Exercise:
Leave the pictures in the listing below aside and reproduce exactly the lines starting with the one with "Women's Beautiful Colorful" and going on through the one with "Прокуратурой Суздальского района", both ends included.

Records for the exercise:

========================

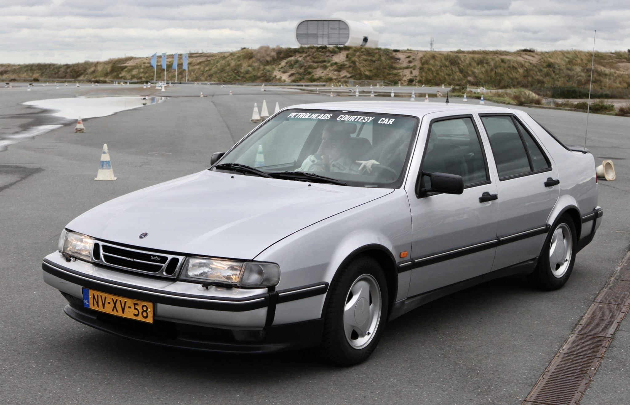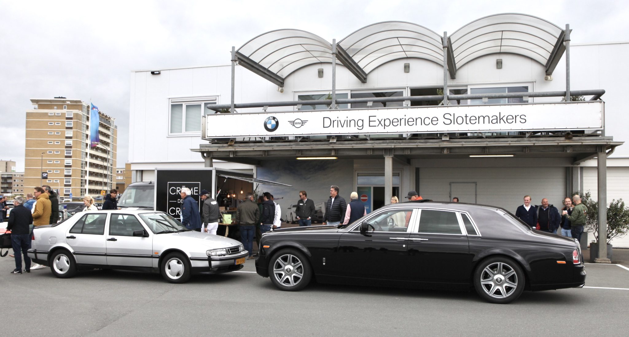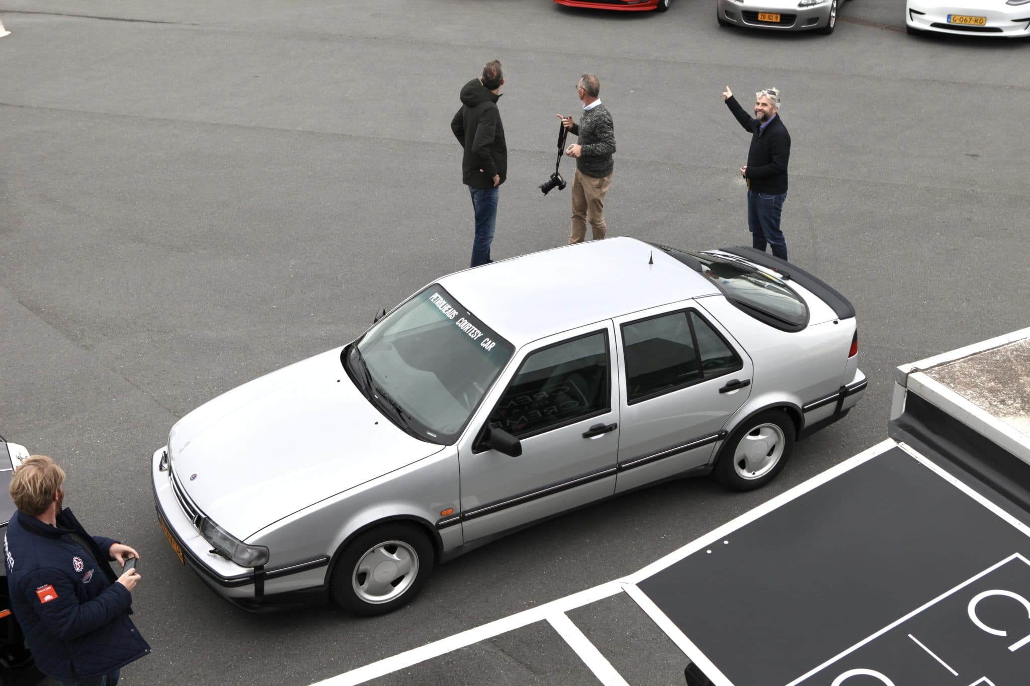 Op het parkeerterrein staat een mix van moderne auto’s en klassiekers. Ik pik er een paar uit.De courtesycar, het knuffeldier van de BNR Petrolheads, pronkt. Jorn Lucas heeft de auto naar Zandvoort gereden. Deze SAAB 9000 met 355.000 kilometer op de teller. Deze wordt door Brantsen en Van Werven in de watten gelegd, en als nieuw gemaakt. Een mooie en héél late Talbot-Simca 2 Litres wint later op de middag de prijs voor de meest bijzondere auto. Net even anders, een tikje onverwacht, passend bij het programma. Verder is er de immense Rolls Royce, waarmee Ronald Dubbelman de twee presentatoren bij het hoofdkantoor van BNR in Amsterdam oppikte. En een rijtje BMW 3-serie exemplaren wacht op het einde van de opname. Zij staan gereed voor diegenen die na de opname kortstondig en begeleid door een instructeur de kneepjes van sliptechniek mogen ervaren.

========================

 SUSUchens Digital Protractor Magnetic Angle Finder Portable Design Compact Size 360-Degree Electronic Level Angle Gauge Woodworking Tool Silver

========================

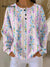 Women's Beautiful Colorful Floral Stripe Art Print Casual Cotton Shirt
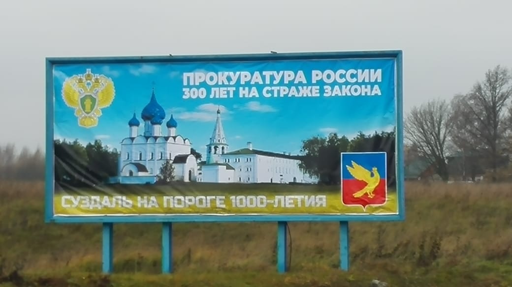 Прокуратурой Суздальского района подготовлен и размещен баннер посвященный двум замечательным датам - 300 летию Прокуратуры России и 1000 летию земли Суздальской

========================

Answer section:
 Women's Beautiful Colorful Floral Stripe Art Print Casual Cotton Shirt
 Прокуратурой Суздальского района подготовлен и размещен баннер посвященный двум замечательным датам - 300 летию Прокуратуры России и 1000 летию земли Суздальской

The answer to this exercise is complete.